The next Sunday, he showed back up for the services wearing the same ragged jeans, shirt, boots, and hat. Once again he was completely shunned and ignored. The preacher approached the man and said, "I thought I asked you to speak to God before you came back to our church."

"I did," replied the old cowboy.

"If you spoke to God, what did he tell you the proper attire should be for worshiping in here?" asked the preacher.

"Well, sir, God told me that He didn't have a clue what I should wear. He said He'd never been in this church "

One Easter Sunday, a man goes to church and returns home with two black eyes.

His wife inquires as to how he got the black eyes.

The man goes on to say, “a lady stood up in front of me during mass, I saw her dress was stuck in the butt crack, so I reached out and tugged it out. She whirled around, became furious, and punched me in the eye.”

“That explains one black eye,” the wife says, “but what about the other?” The man explains, “I figured she must have liked her dress stuck up in her butt crack, so when she turned around I stuffed it back up there”

I was walking down the street when I was accosted by a particularly dirty and shabby-looking homeless man who asked me for a couple of dollars for dinner.

I took out my wallet, extracted ten dollars and asked,"If I give you this money, will you buy some beer with it instead of dinner?"

"No, I had to stop drinking years ago," the homeless man replied.

"Will you use it to go fishing instead of buying food?" I asked.

"No, I don't waste time fishing," the homeless man said.."I need to spend all my time trying to stay alive."

"Will you spend this on hunting equipment?" I asked.

"Are you NUTS!" replied the homeless man. "I haven't gone hunting in 20 years!"

"Well," I said, "I'm not going to give you money.

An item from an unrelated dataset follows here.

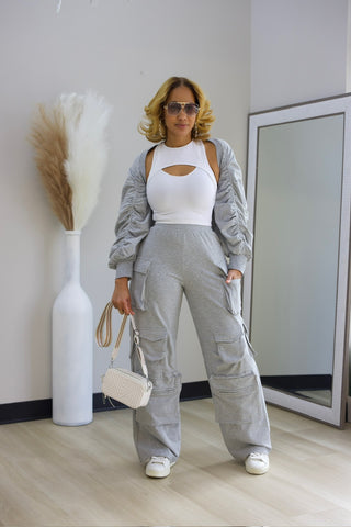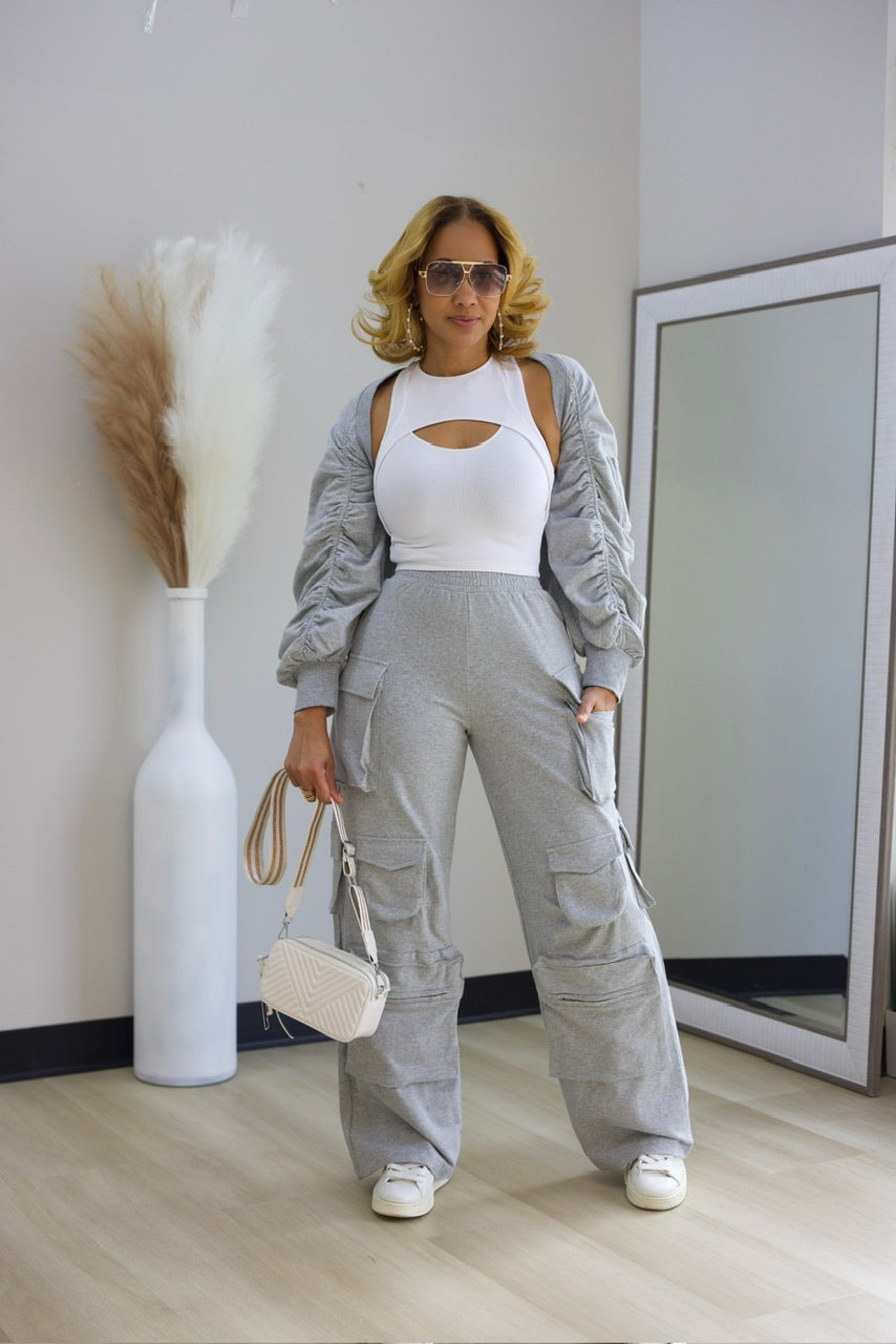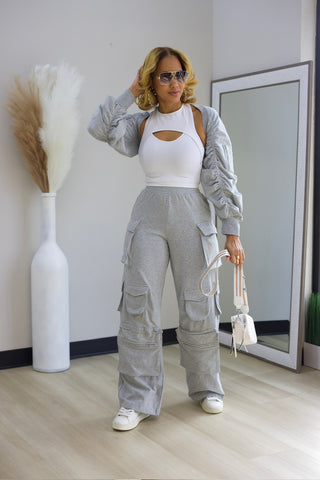 Elevate your casual wardrobe with this versatile 2-piece cargo set. The relaxed-fit sweatpants feature a comfortable elastic stretch waist and functional cargo pockets, while the oversized shrug top layers effortlessly over any outfit. Perfect for weekend errands, travel, or cozy days at home, this set combines comfort with contemporary style.
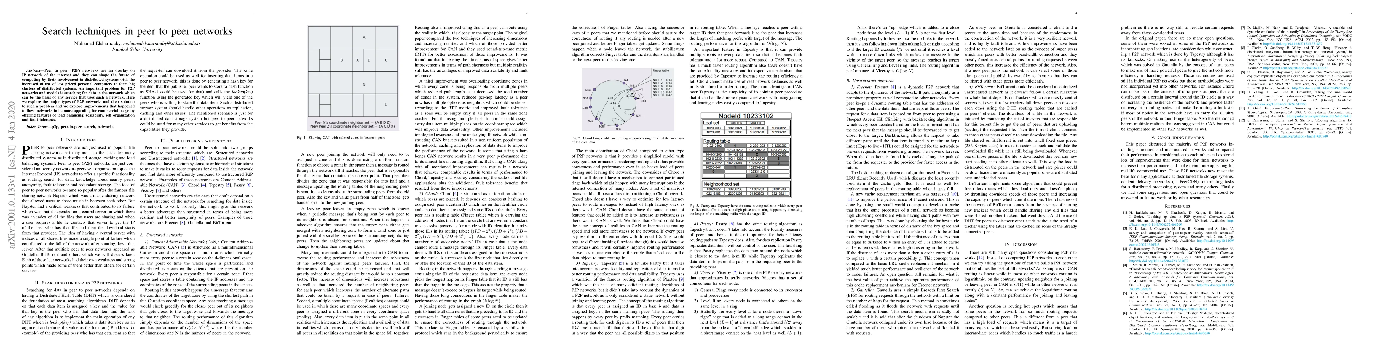 This paper examines the search techniques in peer-to-peer (P2P) networks, focusing on their types and solutions for data retrieval. It also discusses enhancements like load balancing and fault tolerance that improve P2P networks for commercial applications.

Instead, I'm going to take you home for a shower and a terrific dinner cooked by my wife."

The homeless man was astounded. "Won't your wife be furious with you for doing that?

I replied, "Don't worry about that. It's important for her to see what a man looks like after he has given up drinking, fishing and hunting."

Dolly Parton and Queen Elizabeth went to the Pearly Gates on the same day.

They both met with an Angel to find out if they would be admitted to Heaven.

The angel said "Unfortunately, there's only one space in Heaven today so I must decide which one of you will be admitted."

The Angel asked Dolly if there was some particular reason why she should go to Heaven.

Dolly took off her top and said, "Look at these, they're the most perfect breasts God ever created and I'm sure it will please God to be able to see them every day, for eternity."

The Angel thanked Dolly, and asked Her Majesty, Queen Elizabeth the same question.

The Queen walked over to a toilet, pulled the lever and flushes it without saying a word.

The Angel immediately said, "OK, your Majesty, you may go into Heaven."

Dolly was outraged and asked, "What was that all about? I showed you two of God's own perfect creations and you turned me down. She simply flushed a commode and she got admitted to Heaven! Would you explain that to me?

"Sorry, Dolly," said the Angel, "but even in Heaven, a royal flush beats a pair - no matter how big they are."